1980, Genesis fans turning up at the Roxy Club box office in Los Angeles to buy tickets for a forthcoming gig were surprised to find the band members Phil Collins, Tony Banks and Mike Rutherford selling the tickets themselves.

1991, Founder member of The Byrds Gene Clark died of a heart attack aged 49. Wrote The Byrds hits 'I'll Feel a Whole Lot Better', and 'Eight Miles High'.

1999, Queen singer Freddie Mercury, who died in 1991, was honoured on a new set of millennium stamps issued by the Royal Mail. Mercury, who featured on the 19p stamp, was a keen stamp collector, and his collection was bought by the Post Office in 1993. The stamp marked his contribution to the Live Aid charity concert in 1985, and caused controversy by featuring a small portion of Queen’s drummer, Roger Taylor, in the background - UK stamps by tradition only carry pictures of living persons who are members of the Royal Family.

2009, Billy Joel was being sued by his former drummer for hundreds of thousands of dollars in unpaid royalties. Liberty Devitto, claimed that Joel hadn't paid him proper royalties for 10 years of his work. Devitto was Joel's drummer from 1975 until 2005, when he said he was abruptly thrown out of the band. He said: "People get fired, they get severance or insurance for a certain period of time. I didn't even get a phone call. It was cold."

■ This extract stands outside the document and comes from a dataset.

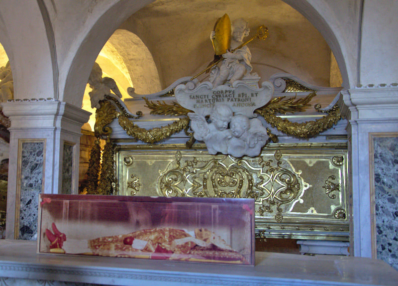 De heilige kan nog altijd aanbeden worden in de crypte van de Dom van Ancona. Een prachtige kerk, op de heuvel Guasco fier uitkijkend over de haven en op geruime afstand al goed zichtbaar.

2010, Paul Gray, the bassist with US metal band Slipknot, was found dead in a hotel in Des Moines, Iowa. The body of the 38-year-old musician was found by an employee at the hotel in a suburb of the city. Police said foul play was not suspected, but an autopsy would be carried out. The nine members of Slipknot wore masks in public and referred to other bandmates by numbers; Gray was number two.